To determine the effects of pressure garments with varying designs on stroke patients' sensorimotor function and quality of life.

SAMPLE SIZE ESTIMATE

A total of 165 participants is required (55/group) with an effect size of 0.125, power of 0.80, alpha level of 0.05, and adjusted for a dropout rate of 20%.

METHODS AND DESIGN

This is a multicenter, double-blind, prospective randomized controlled, three-group trial.

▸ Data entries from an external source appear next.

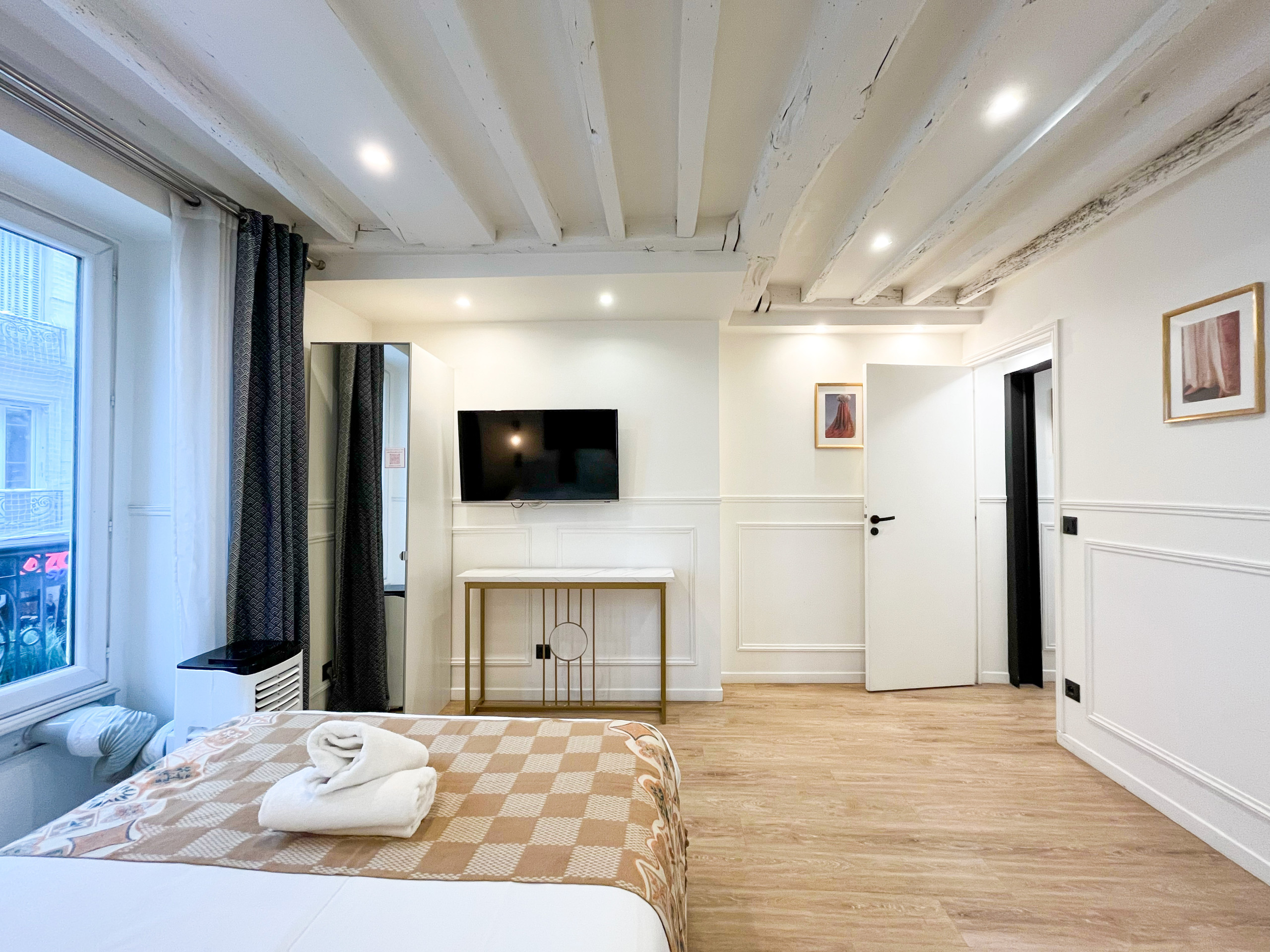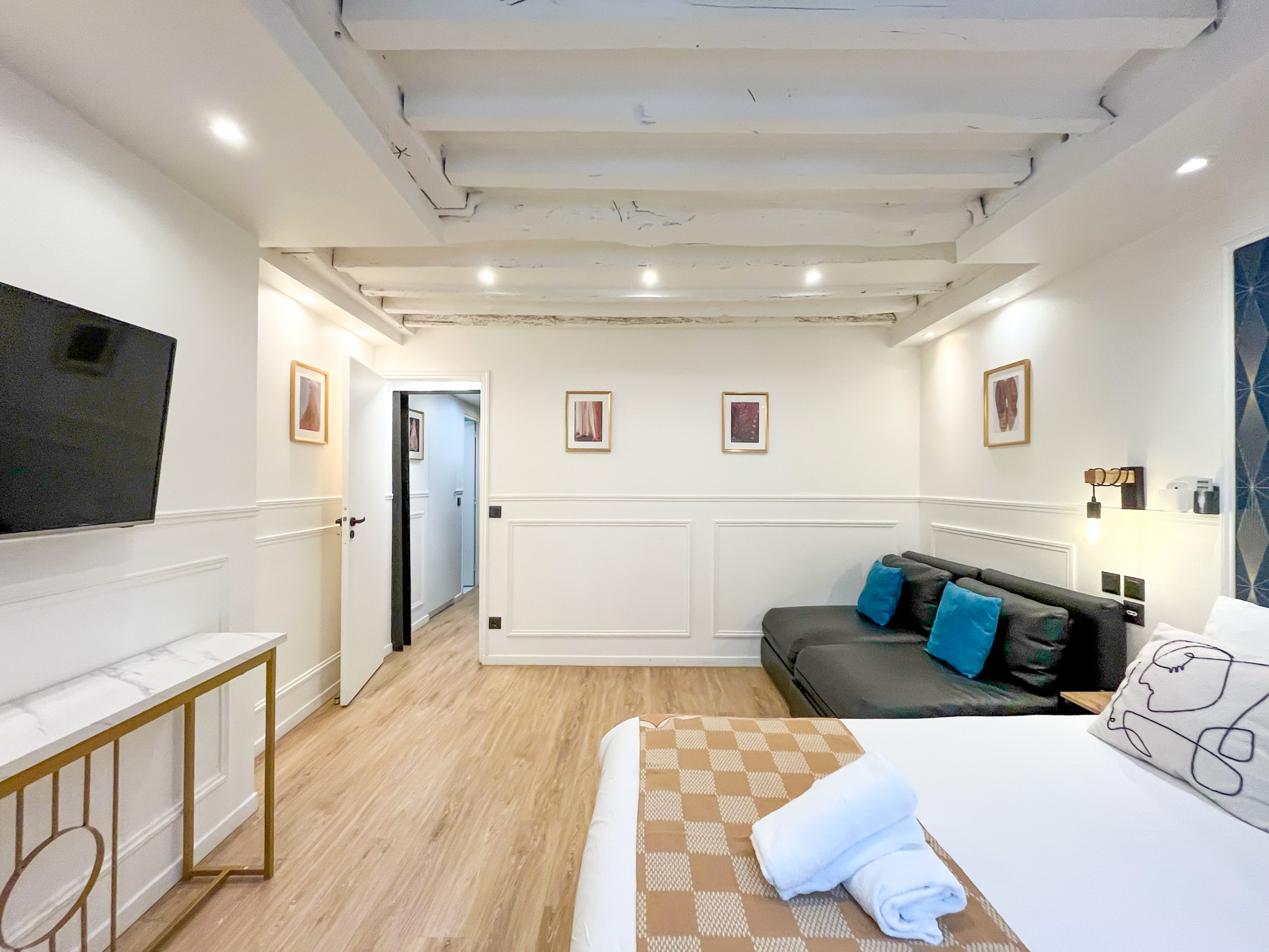 Je zult ook het design in wit en grijstinten van ons appartement waarderen, evenals de zichtbare balken die bijdragen aan de warme en gastvrije sfeer van de ruimte, met desalniettemin een vleugje moderniteit.
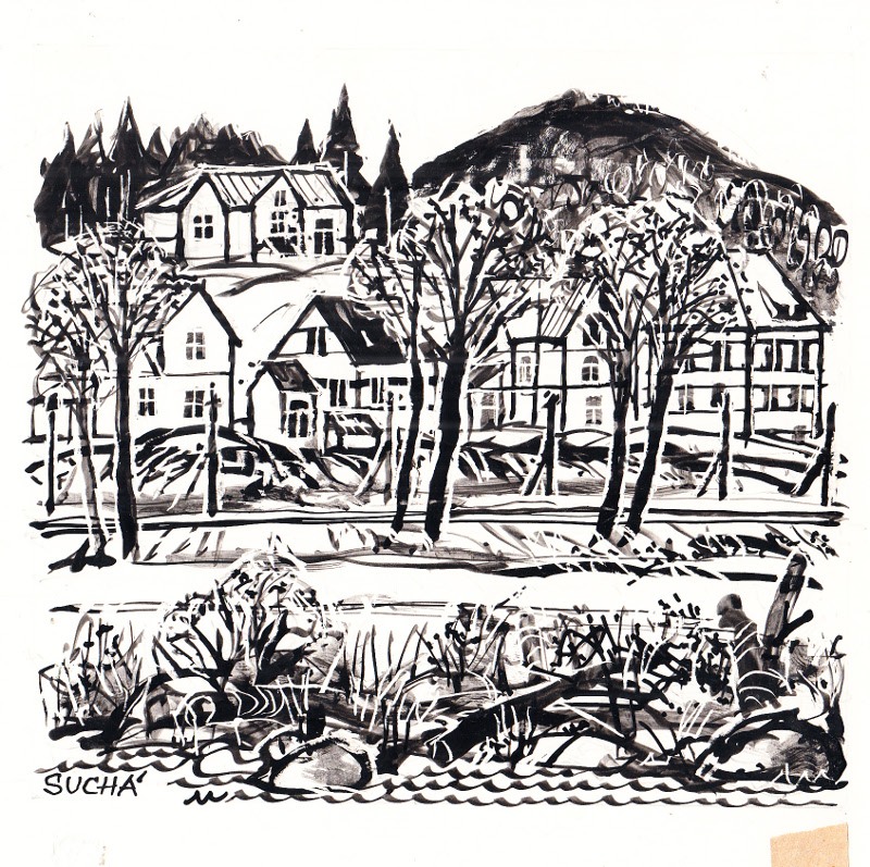 akvarel, papír, 22 x 28,5 cm, sign. LD Karel Kapoun, rám
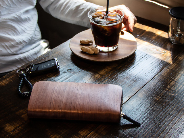 DearwooD 木の財布(チェーン:ゴールド/チャーム:レッド)
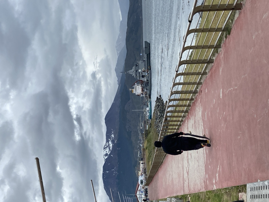 A person skateboards along a red path next to a waterfront. A metal railing separates the path from a grassy area and the water. In the distance, a large ship floats in the water, with mountains rising behind it. The sky is overcast and cloudy, casting a somber tone over the scene.
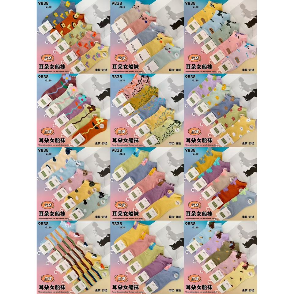 Women's Floral Printed Ankle-Length Socks Breathable Nylon Spandex Knitted with Mesh for Spring Summer Packaged Individual Bags
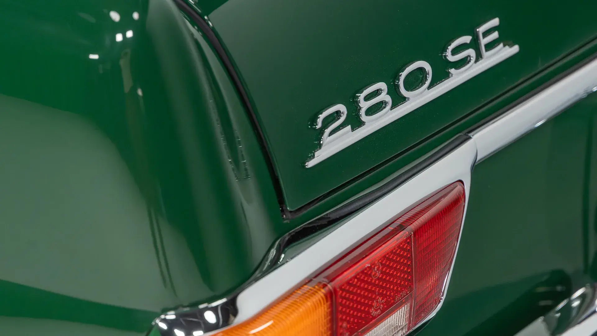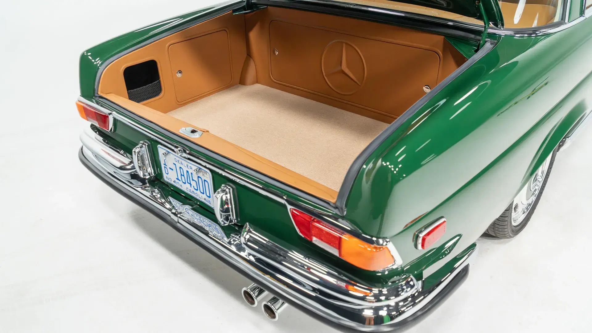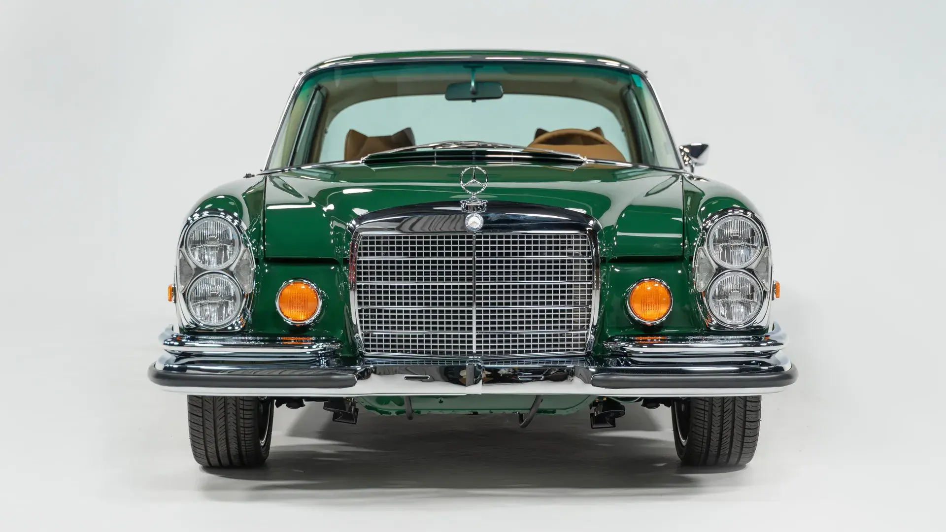 Снаружи — классический облик W111, зелёный кузов, диски Bullet, хромированные детали и полировка до зеркального блеска.
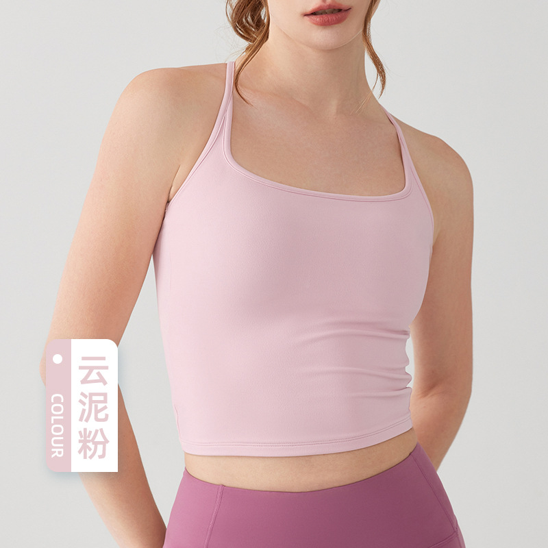 중간 강도 스포츠 조끼 여자 고정 컵 필라테스 달리기 훈련 피트니스 충격 방지 요가 브래지어 탑스토어 가기
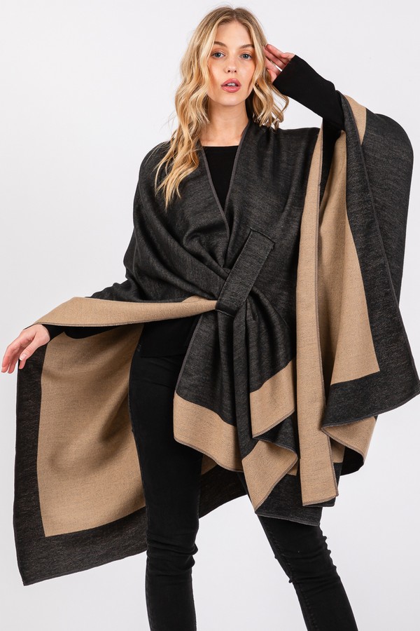 - * Introducing the "Two Tone Pull Through Shawl Ruana" from H&D Accessories - a stylish and cozy ponchle. Perfect for adding a pop of color to your outfit while staying warm and comfortable.
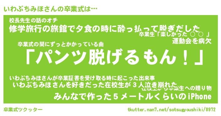 | 恥ずかしいあだ名 | 『プリティーいわぶちみほ』『いわっちょ』 |
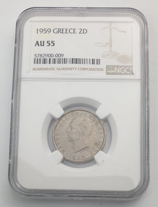 Greece - 2 Drachmas 1959 (AU 55), Paul I

At three hospitals in Shandong, China, 165 patients within 1-12 months of stroke are randomly assigned (1:1:1) to receive Dorsal-Double-layered 10% circumferential reduction (DD-10, intervention), Single-layered 10% circumferential reduction (S-10, intervention), or Single-layered 0% circumferential reduction (S-0, placebo) pressure garments. Pressure garments are worn for 3 hours in the morning, 3 hours in the afternoon, and 8 hours at night daily for 8 weeks. During the first 4 weeks, patients also receive 30-min occupational therapy sessions.

STUDY OUTCOMES

The primary outcome is the Fugl-Meyer Assessment of Upper Extremity to assess motor control. Secondary outcomes are the Box and Block Test (BBT) for assessing dexterity, Modified Ashworth Scale (MAS) for assessing muscle tone, Visual Analogue Scale for assessing pain, Disabilities of Arm, Shoulder, and Hand (DASH) for assessing self-perceived upper extremity function, and 36 Item Short Health Survey (SF-36) for assessing quality of life. Measurements are taken at Time 1(Baseline), Time 2 (Week 4), and Time 3 (Week 8).

DISCUSSION

The expected outcome of this study is that it can determine the design of pressure garments best suited to improve sensorimotor function and the quality of life of stroke patients. It can also extend the clinical value of pressure garments and help healthcare professionals make more targeted treatment choices for stroke patients.

TRIAL REGISTRATION

ClinicalTrials.gov Identifier: NCT06587308.